Try running the Apple Calc app, then hold the power button until the 'slide to power off' prompt appears and then let go and hold the home button gently until the calculator app force-closes.

A previous reddit thread advised that procedure, apparently to trigger some 'recalibration'. It's possible it's placebo effect, but it appears to have slightly helped for my home button. http://www.redmondpie.com/how-to-recalibrate-iphone-home-but...

2 comments

I can attest that using denatured alcohol, which I use for cleaning lenses and scanners, will destroy your ipod.
It works even better if you do it while hanging upside down and while your spouse or significant other sacrifices a live chicken.

Seriously, it's a physical switch. There's no "calibration". "Recalibrate" a physical switch by doing some magic ritual in the Calculator app? If you believe that worked, I have some really high-quality HDMI and SATA cables you might be interested in purchasing, for very reasonable prices.

Ha - I agree that that procedure seems preposterous. I have seen it listed in several forums, and only considered it after several others had reported success. I figured it didn't cost much to empirically give it a go. I present weak evidence that it appears it may have helped for me.

For what its worth, I am doubtful. There did appear to be some subjective improvement in responsiveness, but I didn't benchmark it.
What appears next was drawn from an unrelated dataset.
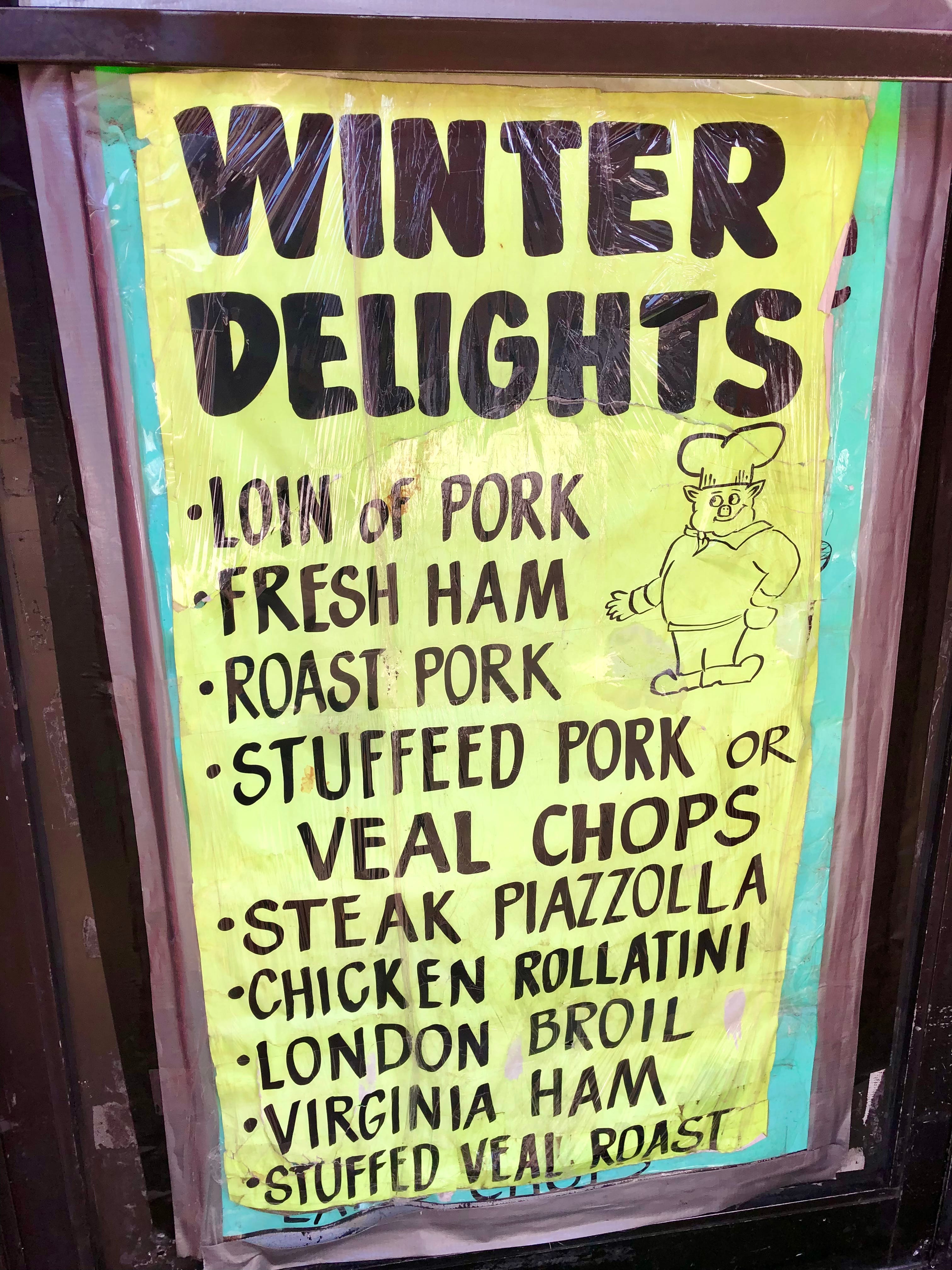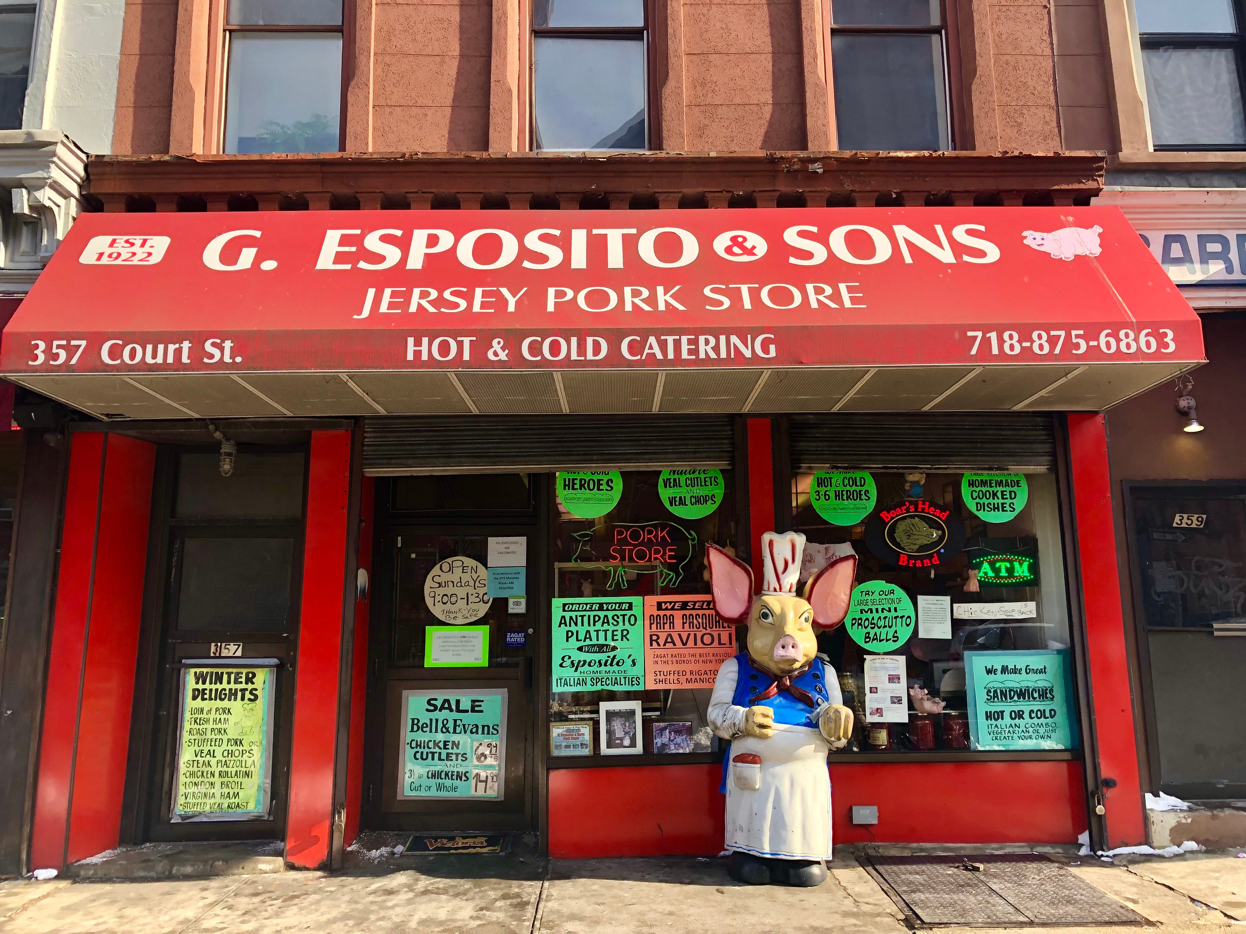 Our walk will take us through Boerum Hill, then Cobble Hill, and then Carroll Gardens. Mira will introduce me to G. Esposito & Sons Jersey Pork Store, where we pick up Godfather sandwiches and slices of soppressata—a meat I’ve never heard of and have difficulty pronouncing—the tiniest bit of which Mira urges me to bring home to my dog.

It is not the Calculator app in itself that functions as this, I had originally read any stock Apple app would do it.

Software reset does fix this for some, so I don't think that some button state polling problem relating to software is inconceivable. Possible, but unlikely.

More info here - they acknowledge it is likely bs. http://lifehacker.com/5909709/recalibrate-your-idevice-home-...

Here is a theory. Switches, specially push buttons, need debouncing in software. If a switch has problems then the characteristics of the debounce might change. Which could possibly be fixed by recalibrating.

(Not by holding a switch down of course, you would need to push and release the switch many times to see a debouncing change)

Poor debouncing could conceivably cause a single push to register as two, or vice versa, but it's not going to cause a push to fail to register at all, which is part of every complaint I've heard so far.

I also see no reason that debouncing would require calibration. Basic debouncing just ignores any additional events that occur within a set period. That would just be set at the factory. There's a huge gulf between the timeframe of multiple events occurring due to switch mechanicals and the timeframe of legitimate ones.

Finally, the idea that somehow the Calculator app triggers a secret magic calibration step is just absurd. Even if you can somehow swallow the idea of software calibration of a simple mechanical switch, that detail makes it clear that this is nonsense.